40 Years After the Release of the Scorpions' Taken by Force, Guitarist Uli Jon Roth Looks Back at the Making of That Classic Album and Explains What Caused Him to Leave the Group Just as It Was Poised for Worldwide Superstardom.
IT FELT LIKE THE END OF AN ERA,” says Uli Jon Roth, talking about the three shows he played with the Scorpions at Nakano Plaza Sun Hall in Tokyo, Japan, in April 1978. And indeed it was. Shortly after those dates—from which were culled the performances that comprise the definitive Scorpions live document, Tokyo Tapes—Roth left the German hard rockers to step out on his own. By that point, he and the band had released four albums (plus one prior to Roth’s joining) of ferocious, riffy hard rock, all of it shot through with Uli’s virtuosic, classical-music-influenced shredding, and gained a substantial following throughout Europe and Asia. After Roth’s exit, he and the Scorpions followed very divergent paths—the guitarist explored Hendrix-y psychedelic rock with his own Electric Sun project and spent years immersing himself in classical and symphonic composition, while the Scorpions rode a more mainstream hard rock and heavy metal sound to global superstardom.

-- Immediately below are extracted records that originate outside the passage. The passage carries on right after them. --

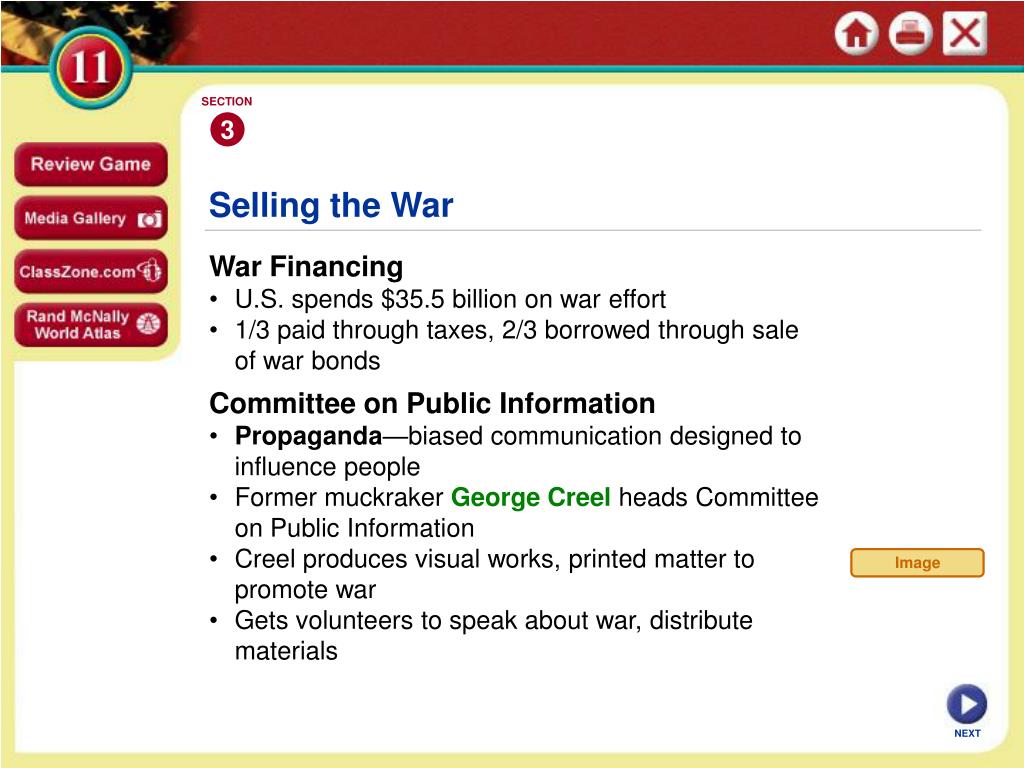 SECTION 3 Image Selling the War • War Financing • U.S. spends $35.5 billion on war effort • 1/3 paid through taxes, 2/3 borrowed through sale of war bonds • Committee on Public Information • Propaganda—biased communication designed to influence people • Former muckraker George Creel heads Committee on Public Information • Creel produces visual works, printed matter to promote war • Gets volunteers to speak about war, distribute materials NEXT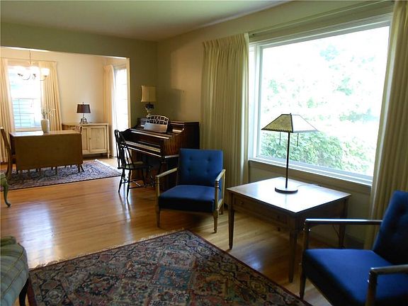 For sale by owner. OPEN HOUSE 2/24/18, 11:00 - 12:30. This charming house has been lovingly cared for since 1955. The first floor has a large living room, with a huge wood-burning fireplace, dining room, eat-in kitchen and first floor bedroom or den plus a full bath. The second floor has three bedrooms and another full bath. Beautiful hardwood floors throughout. Half the basement is finished with wood paneled walls and can be used as a rec room. The other half of the basement has the laundry and storage areas, including a cedar paneled clothes closet. There's a nice breezeway porch between the house and the garage and a lovely back yard patio, a huge backyard with a large 3 section garden shed. Central heating and air conditioning. It's a wonderful street close to the new library, town hall and I Square. 15 - 20 minutes from downtown Rochester, UofR, and RIT. Ideal for a young family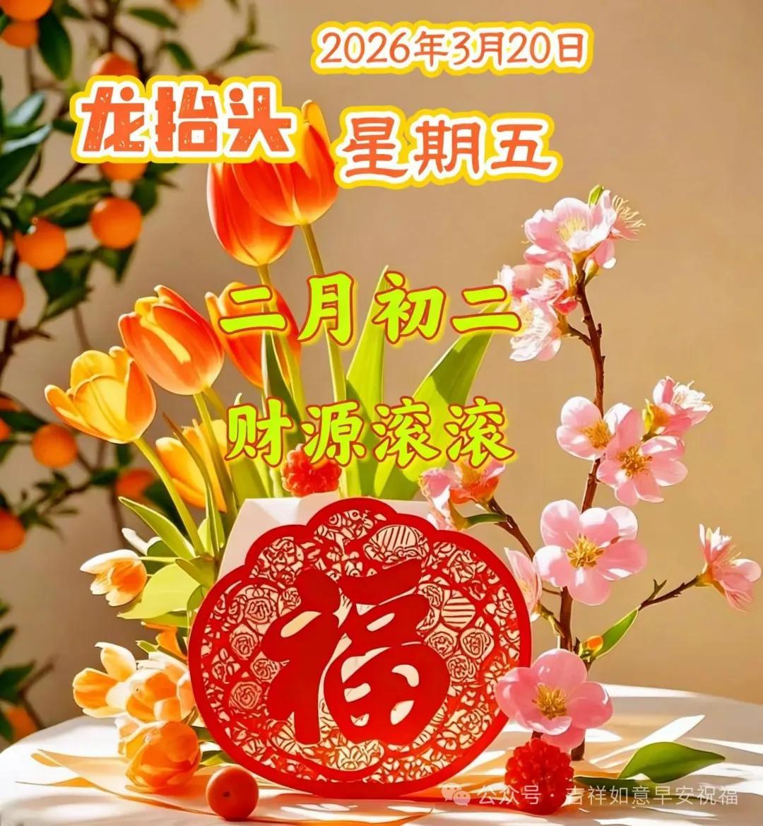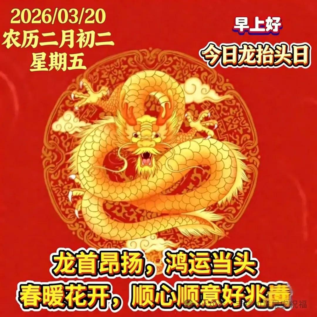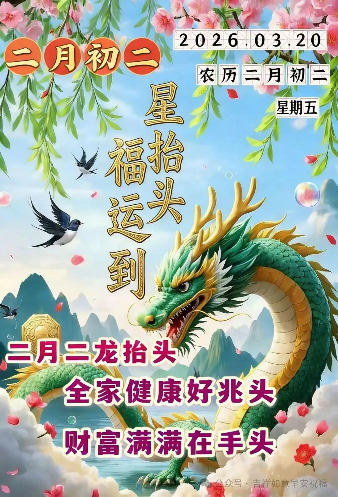二月初二,龍抬頭。一抬頭,豐收在望好兆頭。二抬頭,福祿壽喜全都有。三抬頭,煩惱黴運全溜走;四抬頭,成功事業攥你手;五抬頭,步步順利爭上游;六抬頭,幸福健康到永久。龍抬頭日,祝你一年好運從頭到尾!
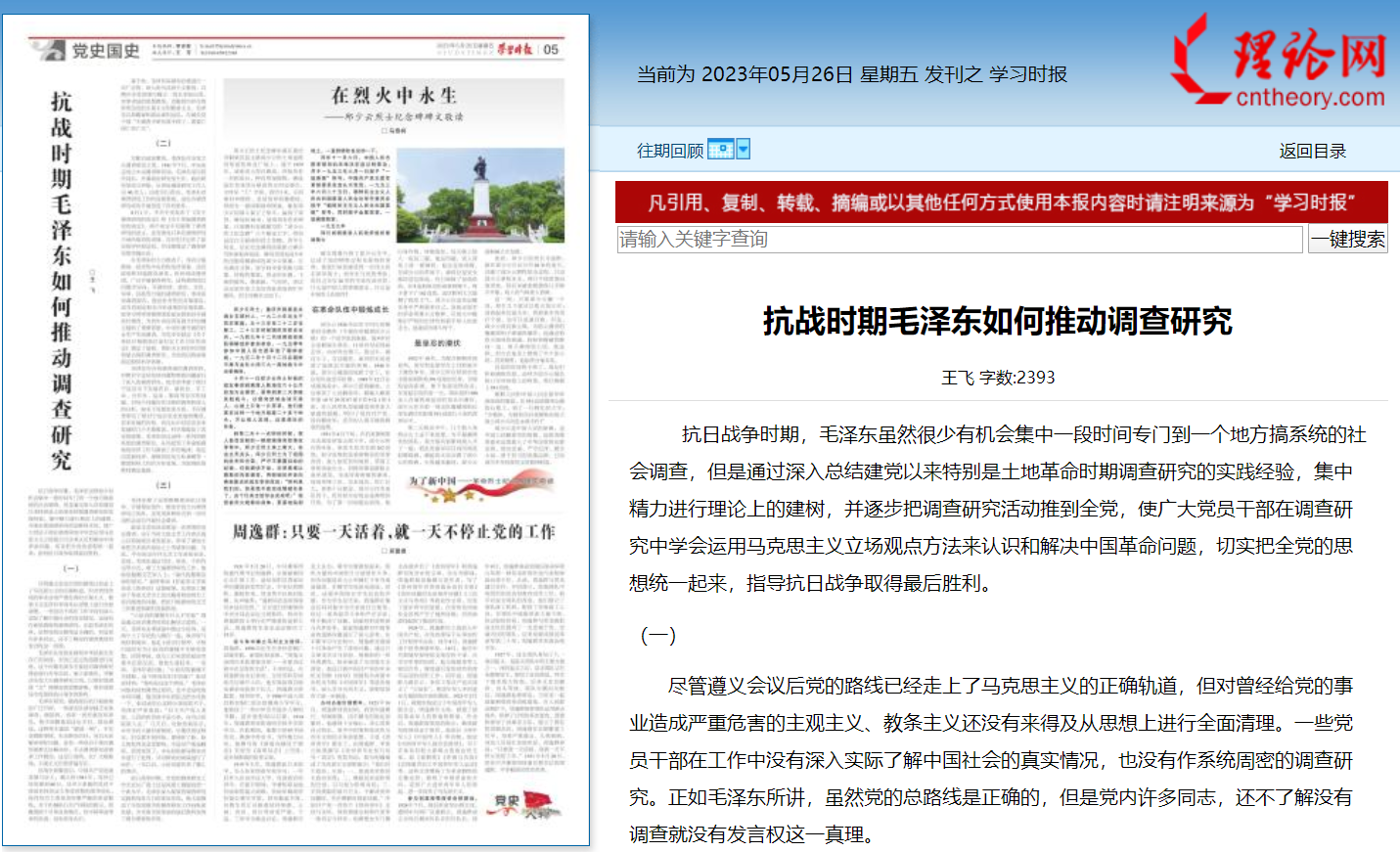 《學習時報》5月26日第5版“黨史國史”刊發(fā)我校馬克思主義學院王飛教授的理論文章《抗戰(zhàn)時期毛澤東如何推動調(diào)查研究》。

More recently, however, Roth has come back around to his Scorpions past, first with his 2015 album, Scorpions Revisited, and now with the live set Tokyo Tapes Revisited. For the new package, which has been released in a variety of configurations ranging from a 2-CD/DVD offering to a super deluxe limited edition box set boasting eight discs (CD and Blu-ray), four vinyl albums, an 80-page hardcover book and other goodies, Roth returned to the very place where the original Tokyo Tapes was recorded—Japan’s Nakano Hall. As for how it felt to go back to the venue that, in his words, hosted the Scorpions “at the peak of our live powers together”? “It felt good,” the guitarist, now 62, says. “I walked in, and it was the same place. But of course it was also different…because it was almost 40 years on!”